It is our understanding that the windlass mechanism has been evolved to protect the structural integrity of the web. Indeed, during buffering, for instance from the wind, local compression may occur in some capture threads. In the result of compression were sagging or global buckling, these threads would adhere to each other and annihilate the stickiness of the spider web. Thus self-tension is a necessary feature for a dense and effective trap, and largely extends the lifetime of the web.

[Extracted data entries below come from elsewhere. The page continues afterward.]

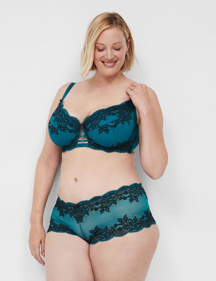 Discover the perfect blend of seductive charm and everyday comfort with this Plus Size Lace Cheeky Short Panty in a rich deep lagoon hue. Crafted from sheer, lightweight lace, it features a mid-rise flat-front waistband and a flattering fitted silhouette that embraces curves. The scalloped hemline adds an elegant, romantic touch, enhancing the delicate floral lace design. Ideal for those who want to feel confident and alluring beneath their outfits, this panty is a versatile staple for any lingerie collection. Elevate your intimates with this effortlessly chic and beautifully detailed piece.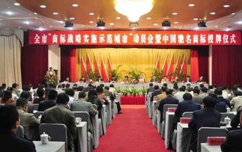 李文卿指出,近年来,市委、市政府高度重视商标战略实施工作,坚持以“工业强市”和“振兴装备制造业”为抓手,狠抓商标培育,着力增强注册商标数量、提升注册商标质量、提高商标工作效率上下功夫,全市商标战略实施工作取得了新的成效。目前全市商标注册申请数量132件,有效注册商标1374件,注册商标实现了质和量的飞跃。今年6月,我市还被国家工商总局命名为甘肃省唯一的国家商标战略实施示范城市。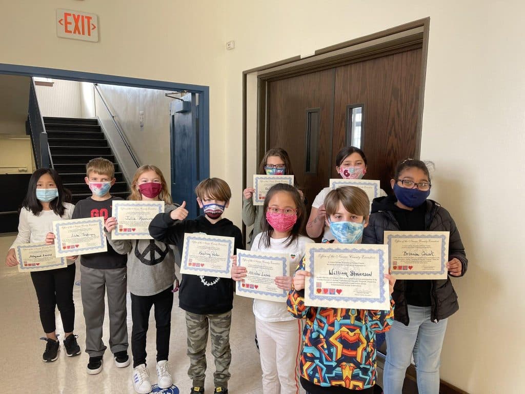 Photo Caption: Francis X. Hegarty Elementary School students received certificates for their Valentines for Veterans participation.

Furthermore, the existence of the windlass mechanism allows the spider to reach extreme mechanical abilities. The windlass mechanism constitutes a thread reserve in each coil, that can extend a great deal and offer very high extensibility to the whole web, on a global scale as well as on a local scale.
This is linked to the auto-hunting electrostatic effect discussed in section 1.1 (Ortega and Dudley, 2013; Vollrath and Edmonds, 2013). The very high contrast of rigidity, from quasi-null to tens of MPa, is unique and highly contributes to the overall performance of the web, by offering a controlled combination of strength and extensibility. A regular network of radial threads (stiff and not extensible) and capture threads (soft and extensible) makes for an effective and resistant trap. The effective mechanical performances are described by the damping and fracture energy of the web, as explained below.

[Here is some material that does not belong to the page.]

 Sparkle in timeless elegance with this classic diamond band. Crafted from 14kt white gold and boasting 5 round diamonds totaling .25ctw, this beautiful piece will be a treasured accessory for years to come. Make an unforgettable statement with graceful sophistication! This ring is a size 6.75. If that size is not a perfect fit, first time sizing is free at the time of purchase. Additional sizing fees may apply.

Additional sources of damping and fracture energy

Damping is crucial for many natural systems. For instance, damping enables trees to resist the blows of wind. Damping may be caused by the interaction of fine structures such as leaves with air, contact with other trees, root interaction with soil, and dissipation in the plant material (Spatz et al., 2007). Typically, plants achieve damping ten times more efficiently than man-made structures (De Langre, 2008). In the current literature, there are discussions as to what is the actual main source of damping of a spider web. Lin et al. (1995) proposed that aerodyamics plays a large role in web damping performance, but Aoyanagi and Okumura (2010) model web damping without taking aerodynamics into account. Sensenig et al. (2012) results may be interpreted as having the main mechanical damping in the radial threads, even though they admit to have found instances where the quasi-totality of the energy is damped in capture threads.

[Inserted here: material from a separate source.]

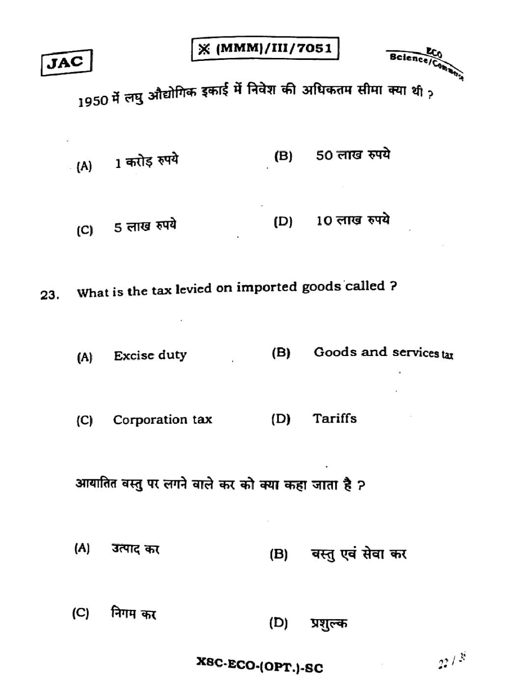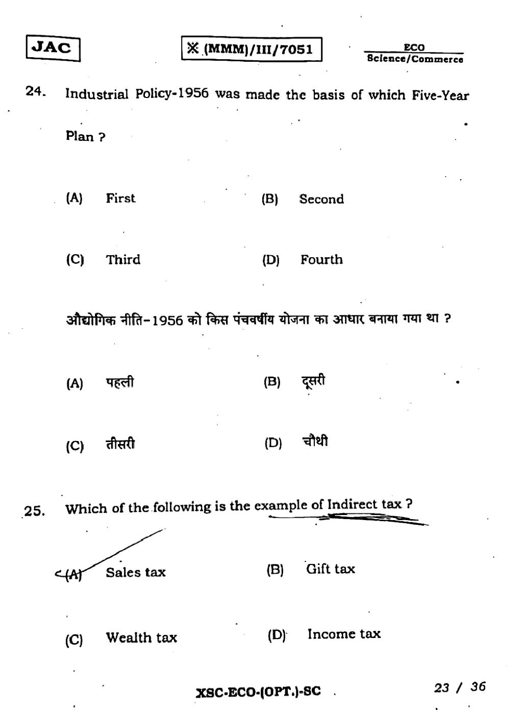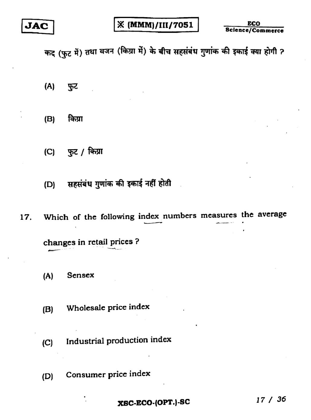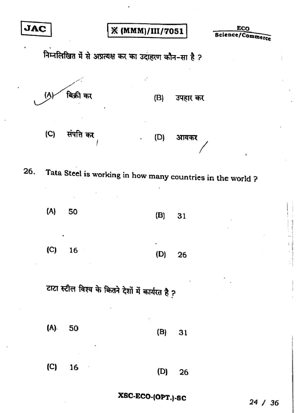 - JAC Class 11 Previous Year Question Papers

Though its relative importance is unclear (but acknowledged as important), the windlass mechanism provides an additional source of damping. As a reserve of length, the windlass creates the need for an increased travel length before breaking. Although the quasi-static force is small compared to forces built up in the elastic regime at high strain, the viscous stress that develops during dynamic traction may be much higher. The viscosity of the drop plays an important role here, along with the visco-elasticity of the fibre itself. The latter is the damping that occurs in the amorphous matrix of the core fibre, as explained in section 1.2.1.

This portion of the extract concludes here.